Rio 2016 Olympics: Happy culmination of hopeful dreams for two fathers

Sumeeth Reddy and Manu Attri weren’t wholesomely encouraged by their fathers, both PE teachers, who had seen the harsher side of India’s sporting system.

Rio 2016 Olympics, Rio Olympics 2016, 2016 Olympics, Manu Attri, Sumeeth Reddy, Manu Attri, Chandra Bhasker Reddy, Sports, Sports News Chandra Bhasker Reddy was scarred after he was called irresponsible coach for no fault of his. (Source: Express Photo/Prajeesh)

They are nothing like the ubiquitous coach: that revered, larger-than-life institution in American school and college sport. Dwelling on the absolute periphery of India’s education system and caricatured as potbellied men in dull track suits with a shrill whistle strung around the neck, drilling in discipline on mass-scale to mostly disinterested students who obsess over academics, Indian PE teachers cut a sorry figure on our sport-scape. Not for them, the high salaries and higher salutations reserved on the campus for American football and baseball coaches.
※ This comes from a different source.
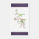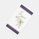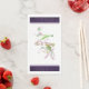 This standard guest towel napkin is shown, these have the same rich royal purple and black vine and scroll pattern, lavender border and Two Easter lilies in the centre over white background and text reading "He is Risen".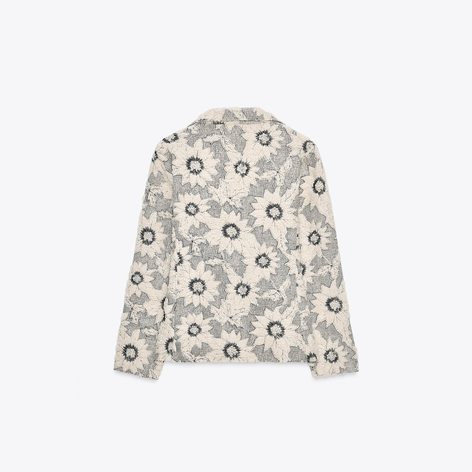 بليزر منسوج مزين بنقشة زهور – لون طبيعي (أوف وايت × أسود) – Ecru / Black (Floral Textured Blazer)

Chandra Bhasker Reddy (56) and Raja Ram Attri (57) have spent years donning roles of athletics coaches, as cynicism about sport–an erstwhile, deep passion in their youth–crept up their minds, like mildew climbs up walls. Losing talent to academics was common among students, as was watching the helpless implosion of charges who just didn’t show the fight to transition from being great school / college athletes to international stars. So, Sumeeth Reddy and Manu Attri did not grow up in the protective shade of naive, excited hopes of a parent who wants to make his child a sport-star.

These were fathers who told their sons what Indian sport exactly and realistically looked like–complete with its politics and pettiness to go with the sweat and tears. However, as they embark on the first-ever journey for an Indian men’s doubles pairing in badminton headed to the Olympics, Sumeeth and Manu will have two of the loudest cheerleaders in their respective fathers. It’s a happy culmination of hopeful dreams for two fathers.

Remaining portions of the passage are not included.